お詫びになっていない文に対する違和感
多くの人も記事「cakes一連の件についてのお詫び」を批判しているが、この強烈な違和感の正体は一体何なのか。ひとつのツイートが見事に言い表してくれていた。
悪口を言わないと宣言することで生じたことは、強制である。何も事件が起きていない段階でその宣言をするのであれば、想像力が欠如していることを示しているだけである。しかし、一人の作家の創作活動を全力で否定した後で、悪口を言わないという形で強制力を誇示することは独善である。その独善レベルは、菅政権が日本学術会議の6名の任命拒否をしたのと同様に、大いに萎縮効果を生み出すだろう。日本学術会議に選別されるほどの学者なら、任命拒否されると更にファイティングポーズを強められる契機を得ることで喜んじゃうだろうが、ブログを書く多くの人々はそうではなく、萎縮することになる。加藤貞顕氏はその宣言により、プラットフォームビジネスも展開する運営者として、自らのサービスの信頼性を貶めた。
違和感を持った2点目は、謝罪対象者と謝罪内容が明記されていないことである。不特定多数の人に対して誤っているかのような文面になっており、何が何でも謝罪対象者に謝罪したくない態度が黙字的に示されている。cakesの記事にて謝罪対象者と内容が明記されているにも関わらず、何故その後の段階の記事にて明記しないのか。明記することで加藤貞顕氏は何を失うと言うのだろうか。単純に自分の失敗を極力認めたくないというのであれば同情の余地はあるが、2点の明記がなければ謝罪文には成り得ないことは、小学生でも理解できることである。
3点目は、2文目に「どうか弊社の社員についてのご批判はご容赦いただければ幸いです。」と書かれていることで、被害者の立場にいることである。一人の作家の創作活動を全力で否定した後で、舌も乾かぬうちに、被害者として振る舞う。シンプルに卑怯。相手のために謝罪しているのではなく、保身のために謝罪しようとしている。以上3点セットでその態度は疑惑ではなく、結論となり得る。
我々は日々他人の謝罪会見や謝罪文を目にすることが多く、謝罪の定形に関する知識をいつの間にか豊富に持つようになってしまっている。そのため、謝罪している人により厳しい目を向けがちである。寛容であることは美徳であるが、寛容の具合は、被害者の救済とのバランスによって決まる。被害者が救済されず、泣き寝入りしてしまった時に、加害者に寛容であることは虐めの容認であり、美徳とは程遠い。その時には加害者への批判が被害者の救済になる場合がある。砂糖が常に美味しく感じ、塩が常に不味く感じるわけではなく、批判という塩が、ショートケーキでは表現できない大人の旨味を引き出すのである。

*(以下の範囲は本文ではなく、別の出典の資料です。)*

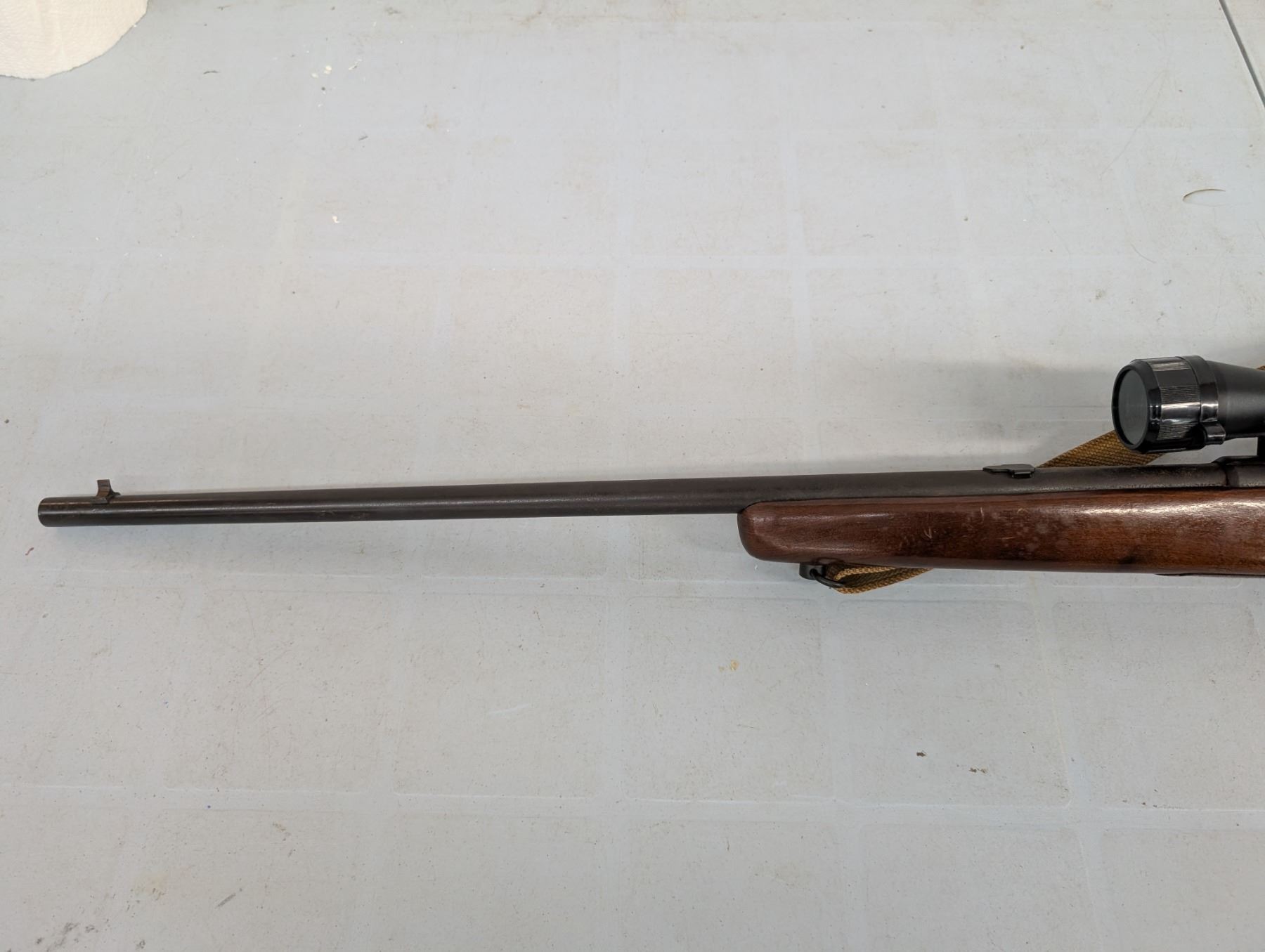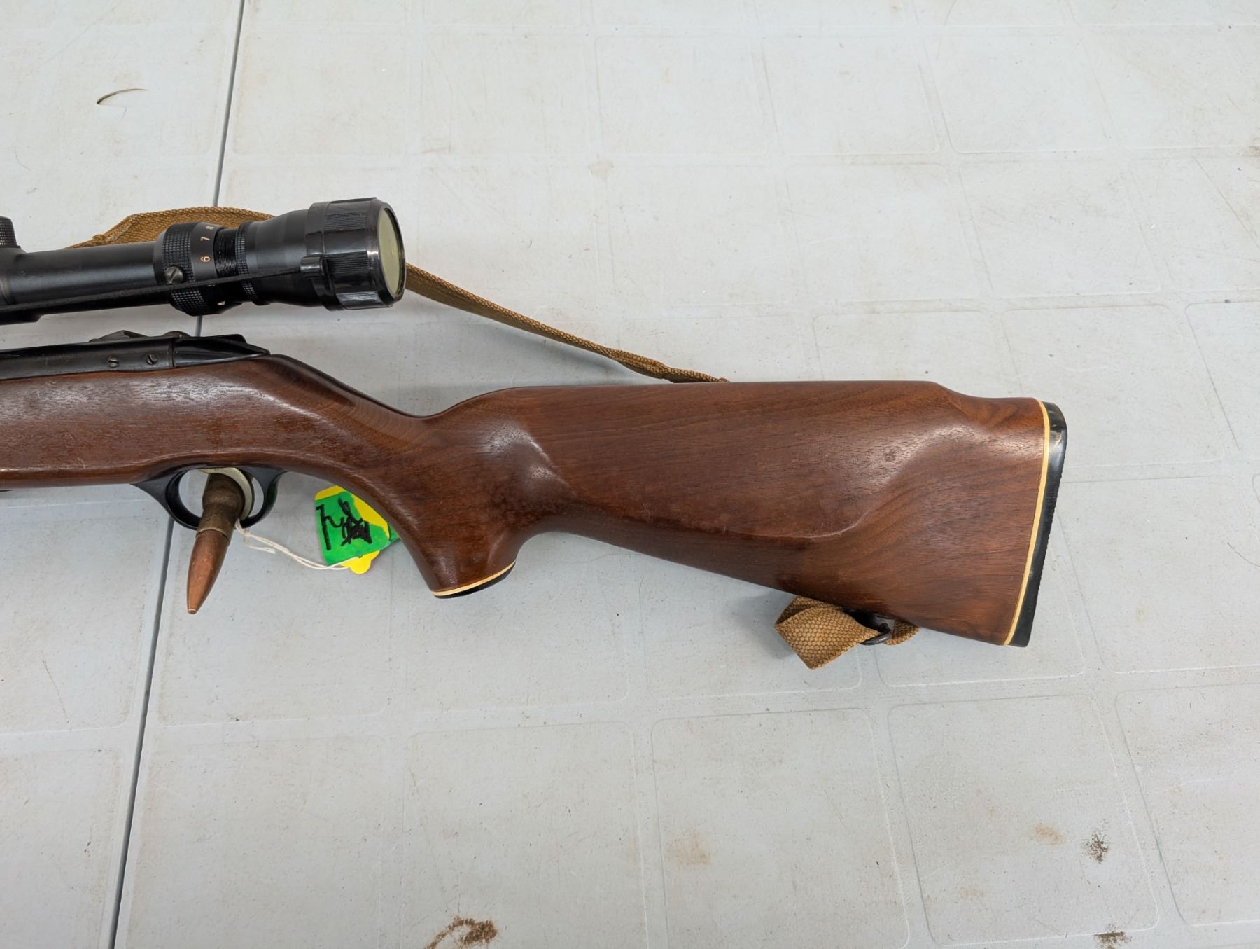 Bolt action. Bore is shiny with visible rifling. Stock is in excellent condition. Retains approx. 60% original blue. Redhead accent RF 3-9x32 Scope. Complete with Mag.

悪口を言わない宣言は、ショートケーキやスポンジケーキ等の甘いものだけを食べ続けようという強制の宣言であり、糖尿病になることで初めて、その宣言の問題に気がつくのである。糖尿病になることと同じような病気を企業が患った時、その症状はどのようなものだろうか。それは、ジョージ・オーウェル氏の1984に書かれているのだろうか。
4点目は、記事「cakes一連の件についてのお詫び」が2020/12/15に配信されたが、3日経っても掲載し続けられていることである。書いた本人は問題がないと思っていても、大半の人が文章の問題に容易に気がつくが、note株式会社の社員が掲載停止に動いていない、または動いてはいるかもしれないが停止の決定を得るには至っていない。つまり、note(株)社には自浄作用が機能していない。DHCのように年配の会長がご乱心文章を連発していて、誰にも手がつけられないことが容易に想像できる場合とは異なり、常識や良識を持っているであろう人に対して、何故上手く働きかけられていないのだろうか。長年一緒に仕事をやって来た人が「この文章はまずいで」と一言漏らせば、解決するような話ではないだろうか。
noteのサービスの先進性(ブログサービスのmediumの丸パクリから進歩すること)に期待し、サービス開始直後から利用している。note(株)社を、自由な発想で事業を展開するIT企業と捉えて来たが、電通からの増資を受けて様々な交流が生まれたことで、倫理観の欠如した人材の宝庫であるらしい電通の子会社になってしまったのかもしれない。もしそうであれば、他の企業がnote社に増資をして、電通の影響力を排除することが可能である。しかし上記のような加藤氏の態度が、現在の一般的な編集者の態度であれば、増資後も問題は残り続ける。
雑誌の廃刊、テレビの視聴率の低下、新聞購読数の低下が年々起こっている現在において、多くの編集者にとってユーザ数を獲得し続けているnote社は光り輝く存在に見えることだろう。しかしその輝きは素晴らしい結果の発揮に留まらず、ギトギトとした幼稚さを示してしまった。note社は変わるのだろうか。変われないのだろうか。